Here is what happened.  A less than knowledgeable cataloger at LC misinterpreted a somewhat imprecise text and breathed life into a dead letter.  Then other catalogers incorrectly assumed that this body incapable of acting was the author of something that should have been properly credited to the Potomac Company.  Then OCLC locked everything so it cannot be changed.  The result, bad metadata that gives the appearance of having the librarians' seal of approval.

So there is the simple practical question of how this can be fixed, specifically, how can the erroneous authorship be corrected and how can n 50057653 be properly deleted.  I should also point out that this was a very simple one-to-one relationship.  The mess in some of the complex ones is even worse, and the more webs that are woven, the harder it will be to untangle them.

Ted is right.  I am not a cataloger.  I am a historian and curator and have worn other hats in the past.  I work with researchers daily, which I am expected to do, and that means trying to explain things in depth and answer specific questions.

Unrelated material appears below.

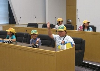 市役所では、それぞれの階に何があるのか説明を聞きました。みんな真剣にメモをとっていました。最後には、議会をする場所に入れてもらい、お話を聞いたり、質問をしたりしました。
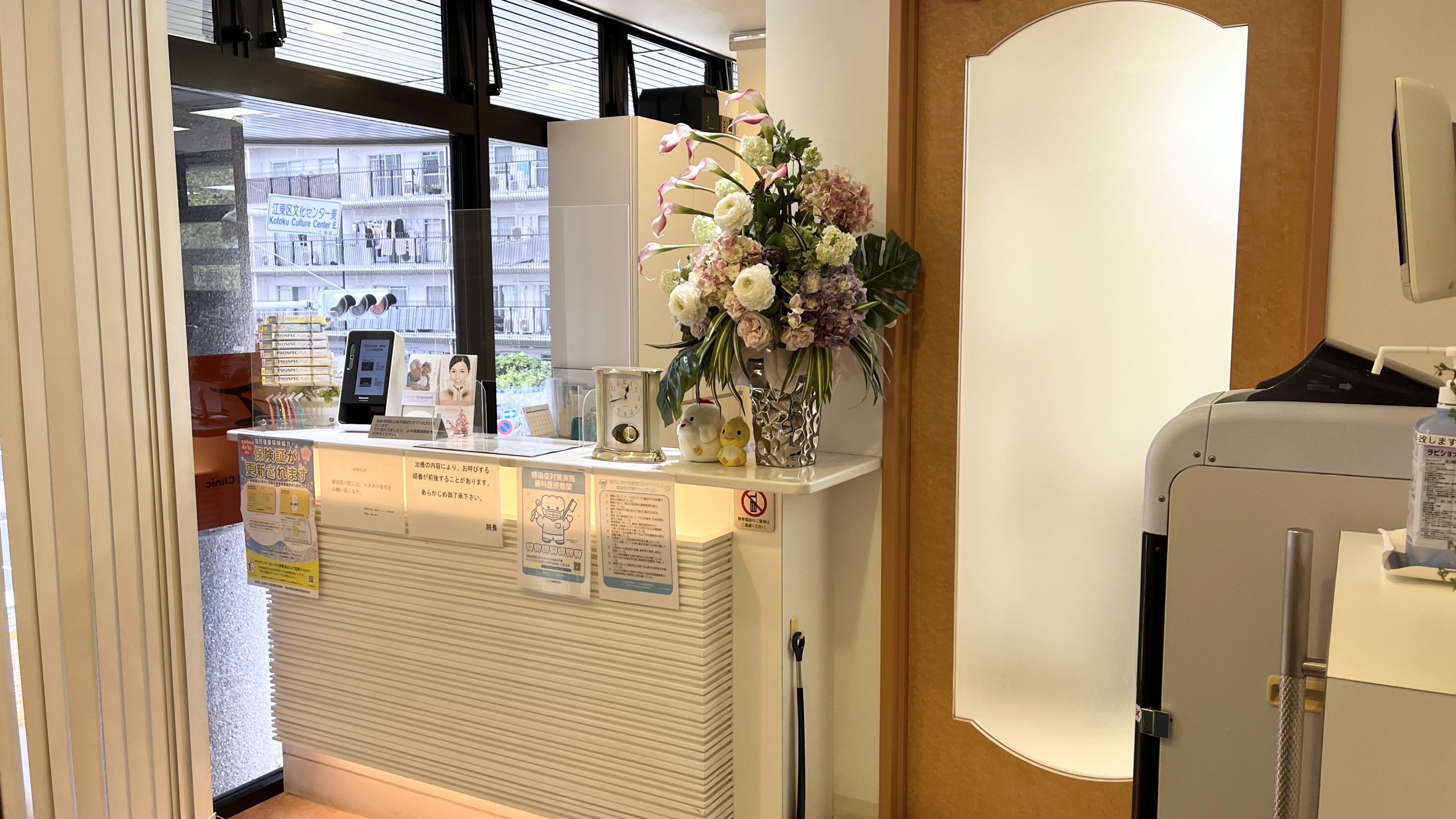暖かい雰囲気の受付では、スタッフが明るく患者さんをお迎え致します。

I do research almost daily in everything from 18th century manuscripts to online data bases.  I almost never interact with catalogers.  Everyone in our department is a historian of one kind or another.  If the above insistence on accuracy seem over-legalistic to some, that is because providing precise information to lawyers from authoritative documents is part of my job.  For those who have no experience at it, archival description is not at all like cataloging.  It is more like writing an interpretive historical essay and then an index to a mass of material that doesn't come prepackaged and whose order is determined by how and for what it was created.  It requires research, subject-matter knowledge, and detective skills.  I got to be the data-base policeman because our department is the largest by volume and use and went to automated description first.

So is bad metadata created by people acting in haste well outside their zone of expertise a problem or not??  It's a lot harder to clean up the messes afterwards, especially now that OCLC uses its algorithms to put things in lockdown.

For us, this sort of thing is junk, and given that it falls in one of our areas of specialization, it has no place in our catalog, no more than a scrupulous historian would transmit self-serving fabrications or urban legends as fact or an art museum curator perpetuate a false attribution.  We are expected to know better.  If it is good enough for the library community, perhaps we should part company.  If we are expected to accept it, it seems to me like being forced to shout "Long live Big Brother."  Sorry, but accuracy calls for it.

Chris Baer
Assistant Curator
Manuscripts & Archives
Hagley Museum and Library

P.S.  I agree wholeheartedly that going to some sort of numerical coding is the best solution, as it would allow different institutions with different clienteles to use the term best geared to their specific needs.  I just wonder how to get from here to there.  Obviously, currently active authors, publishers, researchers, etc. can be expected to create registries going forward, but what about things like this, or people whose work is proprietary and meant for archives only, or the random bits from the past that suddenly fall into the bibliographic universe from afar like the coke bottle or whatever it was in "The gods must be crazy?"  Note also that this does NOT solve the problems of bad metadata such as falsely-drawn, fudged or imprecise relationships or attributes.